Abstract
Introduction: Accurate and non-invasive blood glucose estimation is essential for effective health monitoring. Traditional methods are invasive and inconvenient, often leading to poor patient compliance. This study introduces a novel approach that leverages systolic-diastolic framing Mel-frequency cepstral coefficients (SDFMFCC) to enhance the accuracy and reliability of blood glucose estimation using photoplethysmography (PPG) signals.
Methods: The proposed method employs SDFMFCC for feature extraction, incorporating systolic and diastolic frames. The systolic and diastolic points are identified using the Savitzky-Golay filter, followed by local extrema detection. Blood glucose levels are estimated using support vector regression (SVR). The evaluation is performed on a dataset comprising 67 raw PPG signal samples, along with labeled demographic and biometric data collected from 23 volunteers (aged 20 to 60 years) under informed consent and ethical guidelines.
Results: The SDFMFCC-based approach demonstrates high accuracy (99.8%) and precision (0.996), with a competitive root mean square error (RMSE) of 26.01 mg/dL. The Clarke Error Grid analysis indicates that 99.273% of predictions fall within Zone A, suggesting clinically insignificant differences between estimated and actual glucose levels.
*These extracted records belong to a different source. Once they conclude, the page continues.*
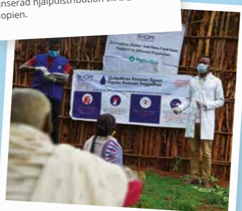
Under distributionerna fanns det coronavirus-meddelanden och en hälsoexpert på plats för att förklara hur man motverkar infektioner.

Tidigare händelser i Etiopien har komplicerat vår förmåga att bidra med hjälpinsatser. I nästa utgåva av Beyond the Box kommer vi att titta närmare på krisen i Etiopien.
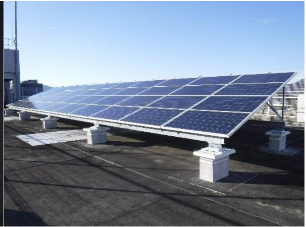
資源の有効利用への対策が不十分な数の太陽光パネル
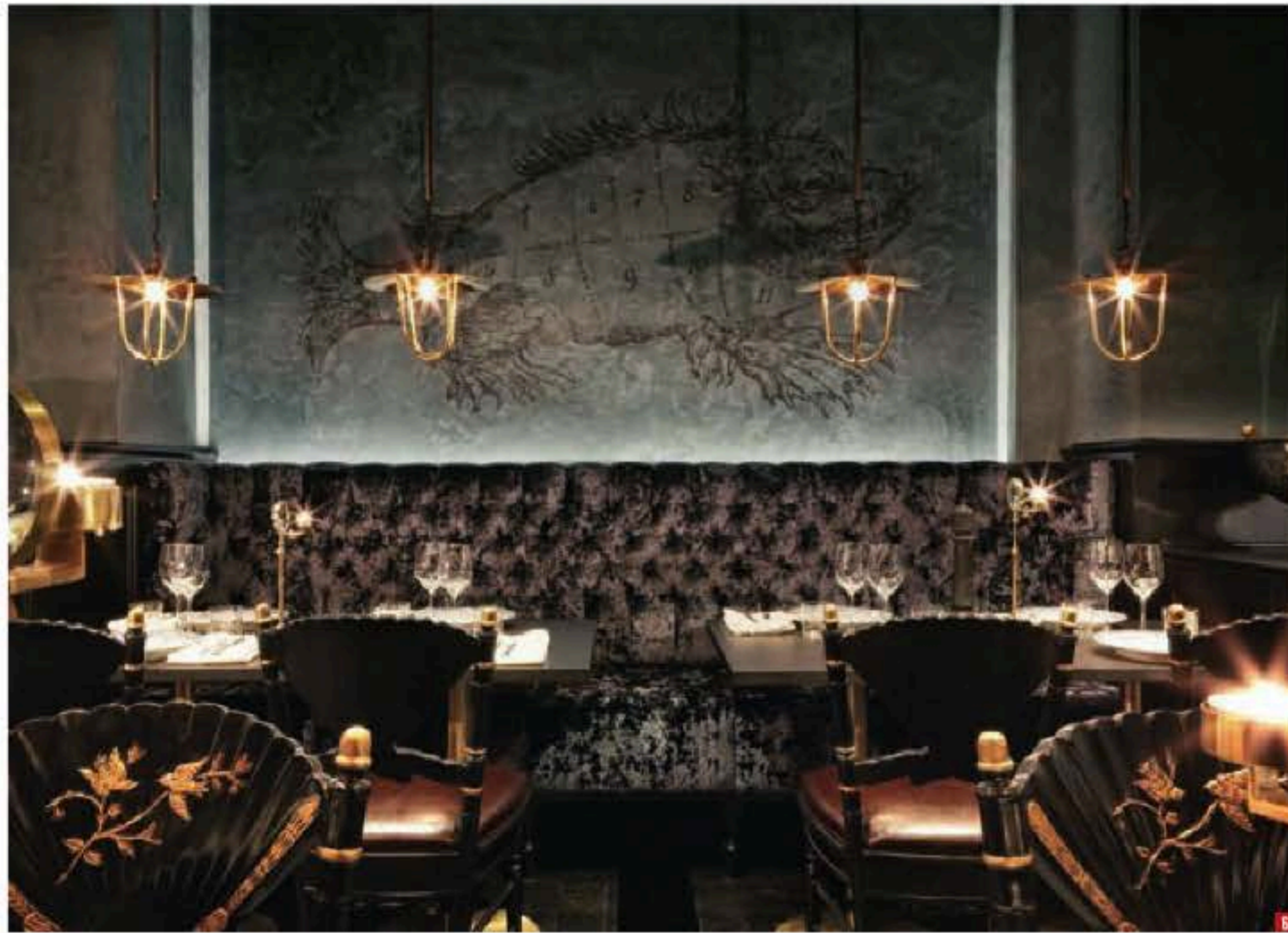
6.- El Gotthards, como el resto del hotel, es una apasionante mezcla de lo lujoso y lo tosco, como el sofá de terciopelo coronado por una calavera tallada, los pulpos acechando desde el papel pintado y las mesas con cómodos sofás corridos iluminadas por faroles de barco. Los motivos de las habitaciones del hotel, como fragatas, relojes de arena, Neptuno con su tridente, gaviotas y trabajos con cabos, también pueden verse en los servicios de mesa, azules y blancos, especialmente diseñados para el restaurante.

ESTABLECIMIENTO. Stora Hotellet (Umeå, Suecia). | AUTORES DEL PROYECTO. Stylt Trampoli. | INTENCIONALIDAD Y FILOSOFÍA DE LA OBRA. Devolver el esplendor originario al que fue, durante más de un siglo, el hotel más lujoso de Umeå. | PRINCIPALES PAUTAS DECORATIVAS. El equipo de Stylt Trampoli se inspiró en el contraste entre el mundo de los marineros y el de la alta sociedad, que en su día se codearon y compartieron las estancias del hotel. De esta manera lo refinado dialoga con lo más tosco: lona, terciopelo, espuma marina y champán.
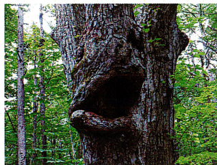
マンダの木 (アオイ科)

このあたりに多い木で、正式名はシナノキ。写真の木は、樹洞が口のように見えて「顔の木」と呼ばれ登山者に愛されています。
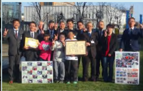
釧路開発建設部での記念撮影
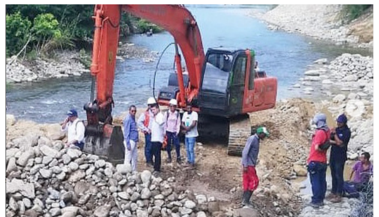
Con este proyecto se atiende la alta tasa de sedimentos del cauce en un amplio sector del río Cañas.

Se estima que al menos mil personas del municipio de Dibulla se beneficiarán directamente con la implementación del proyecto.
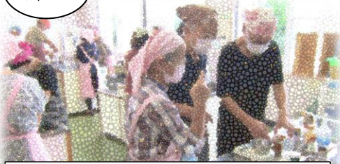
～どうする？災害時の食事～
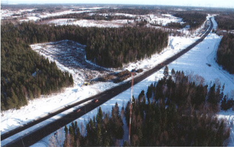
Parannushanke on aloitettu mm. maansiirtotöitä tekemällä.
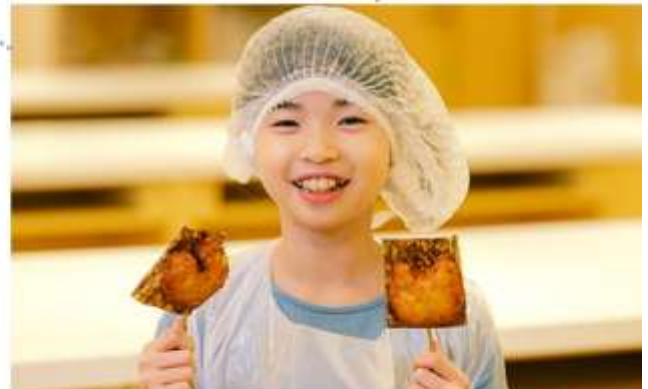
รับประทานอาหารกลางวัน ณ กิตตาคาร
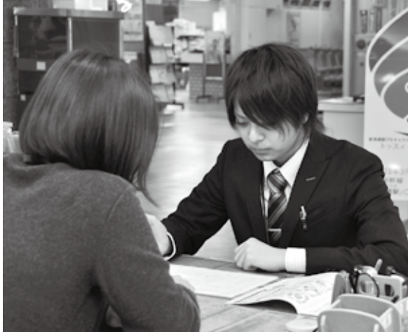
20歳の彼も国民年金

Conclusion: The study validates the hypothesis that incorporating a new framing method in MFCC feature extraction significantly enhances the accuracy and reliability of non-invasive blood glucose estimation. The results highlight that the SDFMFCC method effectively captures critical physiological variations in PPG signals, offering a promising alternative to traditional invasive methods.